- Bagryanka Location within Bulgaria
- Coordinates: 41°30′33″N 25°25′24″E﻿ / ﻿41.5090813°N 25.4234464°E
- Country: Bulgaria
- Province: Kardzhali Province
- Municipality: Momchilgrad
- Elevation: 462 m (1,516 ft)
- Time zone: UTC+2 (EET)
- • Summer (DST): UTC+3 (EEST)

= Bagryanka =

Bagryanka is a village in Momchilgrad Municipality, Kardzhali Province, southern Bulgaria.

==Landmarks==
The Old Mosque, found in neighboring village Momchilgrad, is situated about 3 km (2 miles) from Bagryanka. Built approximately 300 years ago, it remains an active place of worship. It stands out in the region for having two minarets and draws many people for prayer.

The "Petrified Forest" is located in neighboring village Raven, roughly 11 km (7 miles) northeast of Bagryanka. This site features ancient trees that have turned to stone over about 30 million years. It is categorized as a protected landmark and attracts biologists, naturalists, and ecotourists, especially in the summer.

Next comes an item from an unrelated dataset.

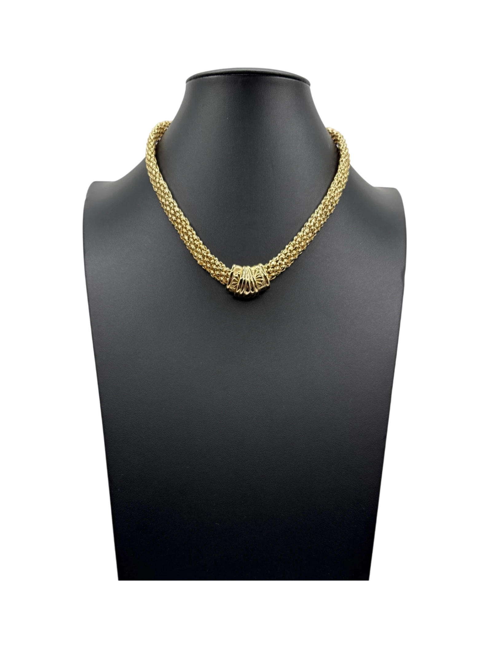 This pre-owned necklace is a stunning piece of jewelry for women. The necklace features a beautiful gold tone and a unique design that will complement any outfit. Perfect for adding a touch of elegance to your look, this necklace is a versatile accessory for both casual and formal occasions. A great way to add a touch of gold and style to your ensemble, whether it's for a special event or everyday wear.

Reserve "Borovets" is another important location, situated around 11 km (7 miles) from the village. It is one of four reserves in the Eastern Rhodopes and plays a significant role in preserving the region’s pine forest habitat. The reserve includes various plant species like pine, oak, wild pear, apple, and prickly juniper. It also hosts several animal species listed in Bulgaria's Red Book and protected internationally.